---------- Given entries ----------
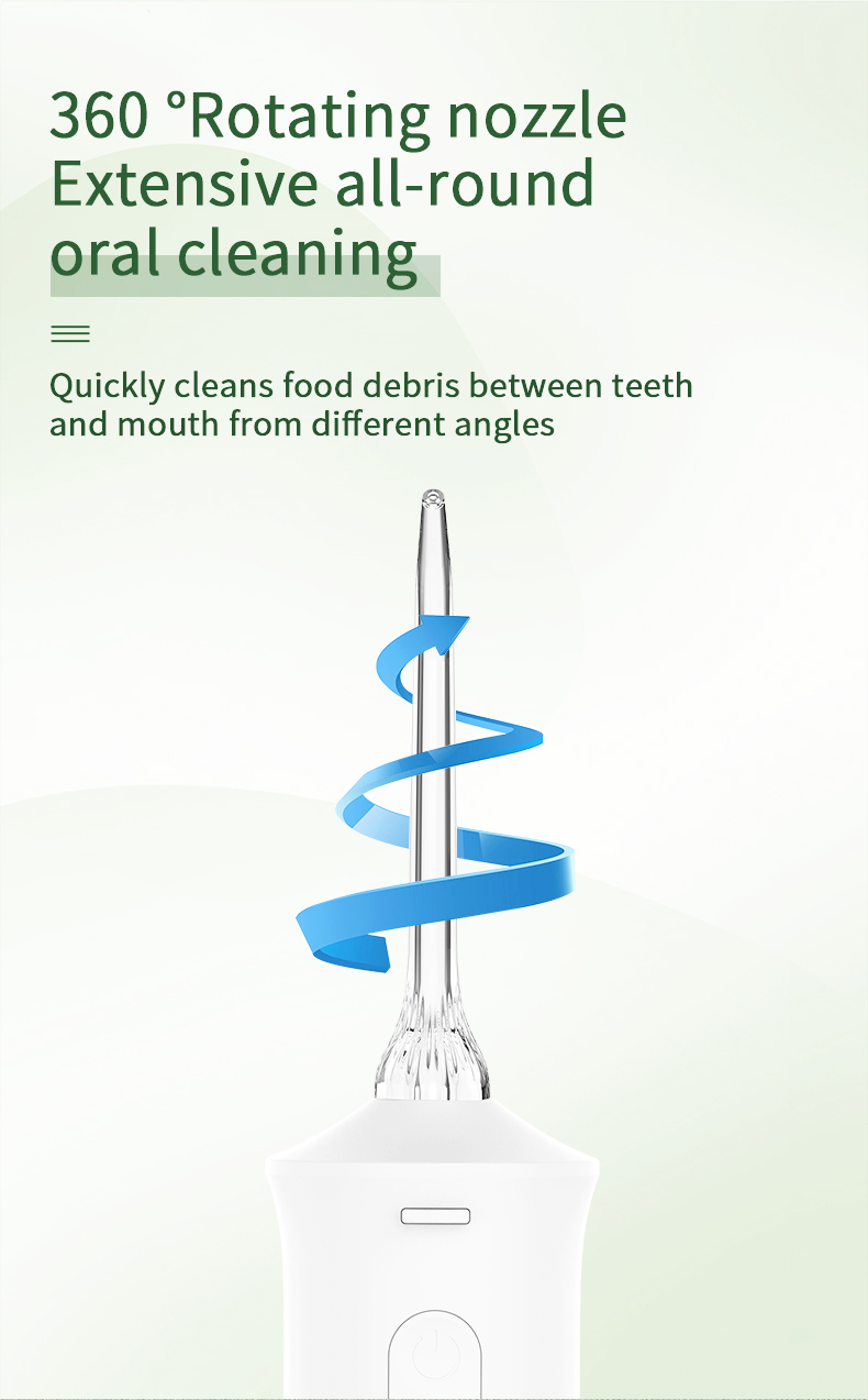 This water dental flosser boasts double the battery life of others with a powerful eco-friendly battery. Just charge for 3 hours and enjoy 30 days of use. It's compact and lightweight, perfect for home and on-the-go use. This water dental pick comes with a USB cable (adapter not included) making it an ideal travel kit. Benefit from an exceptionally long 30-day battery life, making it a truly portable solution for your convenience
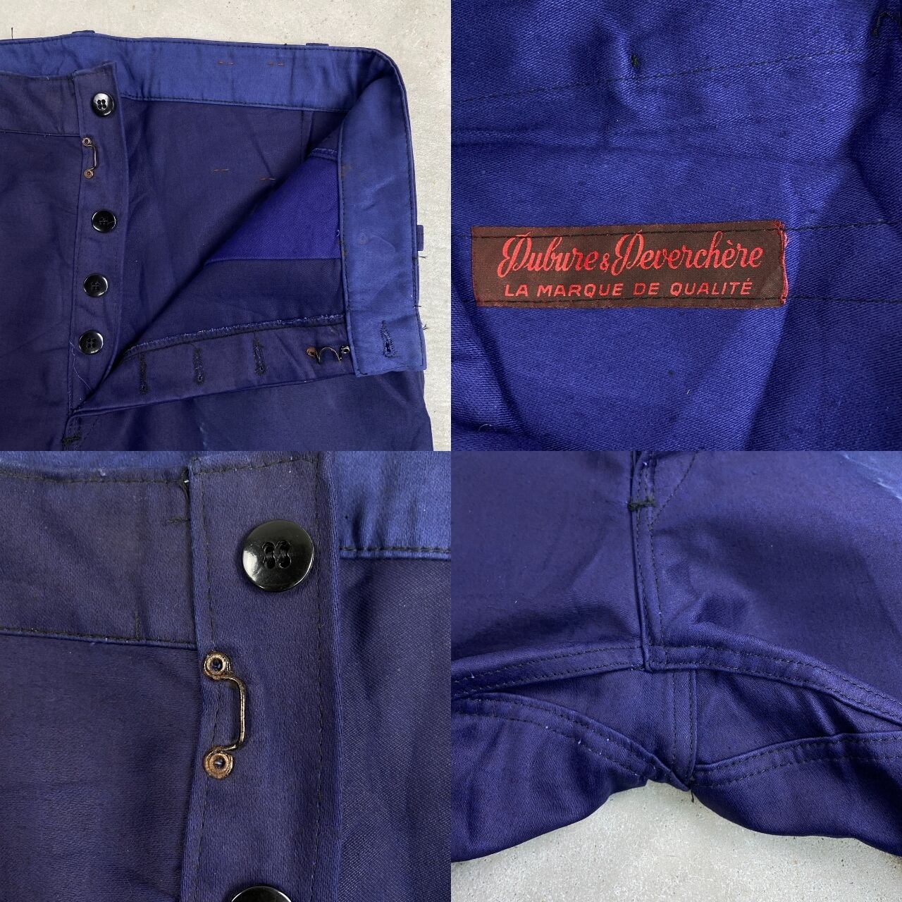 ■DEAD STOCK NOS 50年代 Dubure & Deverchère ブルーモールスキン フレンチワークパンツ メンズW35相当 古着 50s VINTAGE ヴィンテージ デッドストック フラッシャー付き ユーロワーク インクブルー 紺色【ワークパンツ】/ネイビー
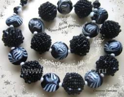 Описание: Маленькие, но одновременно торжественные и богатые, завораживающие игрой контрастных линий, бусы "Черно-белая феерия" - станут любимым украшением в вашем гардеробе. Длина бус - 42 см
----------
---------- Given entries ----------
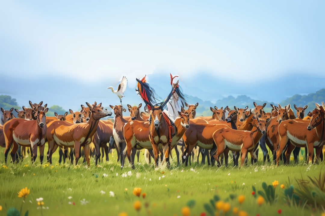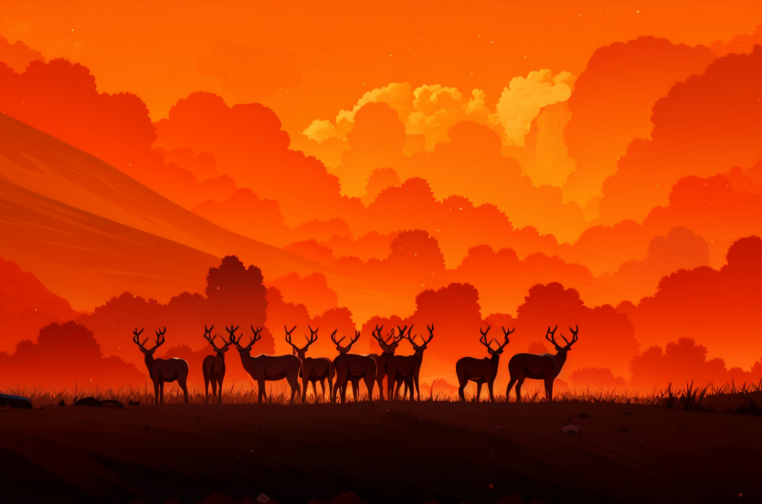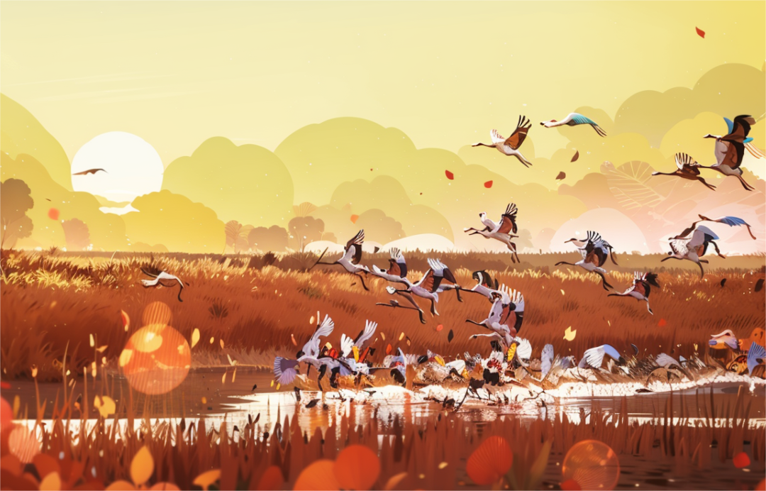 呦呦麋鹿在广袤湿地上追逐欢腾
----------
For this exercise, return exactly the lines above from the line with "This water dental flosser" through the line with "Описание: Маленькие, но", both included. Do not copy the pictures.

Answer section
 This water dental flosser boasts double the battery life of others with a powerful eco-friendly battery. Just charge for 3 hours and enjoy 30 days of use. It's compact and lightweight, perfect for home and on-the-go use. This water dental pick comes with a USB cable (adapter not included) making it an ideal travel kit. Benefit from an exceptionally long 30-day battery life, making it a truly portable solution for your convenience
 ■DEAD STOCK NOS 50年代 Dubure & Deverchère ブルーモールスキン フレンチワークパンツ メンズW35相当 古着 50s VINTAGE ヴィンテージ デッドストック フラッシャー付き ユーロワーク インクブルー 紺色【ワークパンツ】/ネイビー
 Описание: Маленькие, но одновременно торжественные и богатые, завораживающие игрой контрастных линий, бусы "Черно-белая феерия" - станут любимым украшением в вашем гардеробе. Длина бус - 42 см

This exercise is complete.